[What you will do] Of all the lines in the entries below, give again exactly those starting at the line containing "Crafted in fine" and ending at the line containing "WOMEN STARTUP LAB.オープンセミナー】6/17:これからはじまる、共感で繋がる新しい市場の形【ゲスト】新井和宏氏", both ends included, and no others.

[The input]
※

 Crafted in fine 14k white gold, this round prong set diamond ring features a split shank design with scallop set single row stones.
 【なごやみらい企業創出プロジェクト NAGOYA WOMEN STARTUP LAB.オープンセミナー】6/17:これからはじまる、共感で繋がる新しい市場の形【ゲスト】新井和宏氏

※

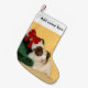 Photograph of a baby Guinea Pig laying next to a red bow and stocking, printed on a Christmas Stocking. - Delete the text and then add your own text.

※

[Output for this exercise]
 Crafted in fine 14k white gold, this round prong set diamond ring features a split shank design with scallop set single row stones.
 【なごやみらい企業創出プロジェクト NAGOYA WOMEN STARTUP LAB.オープンセミナー】6/17:これからはじまる、共感で繋がる新しい市場の形【ゲスト】新井和宏氏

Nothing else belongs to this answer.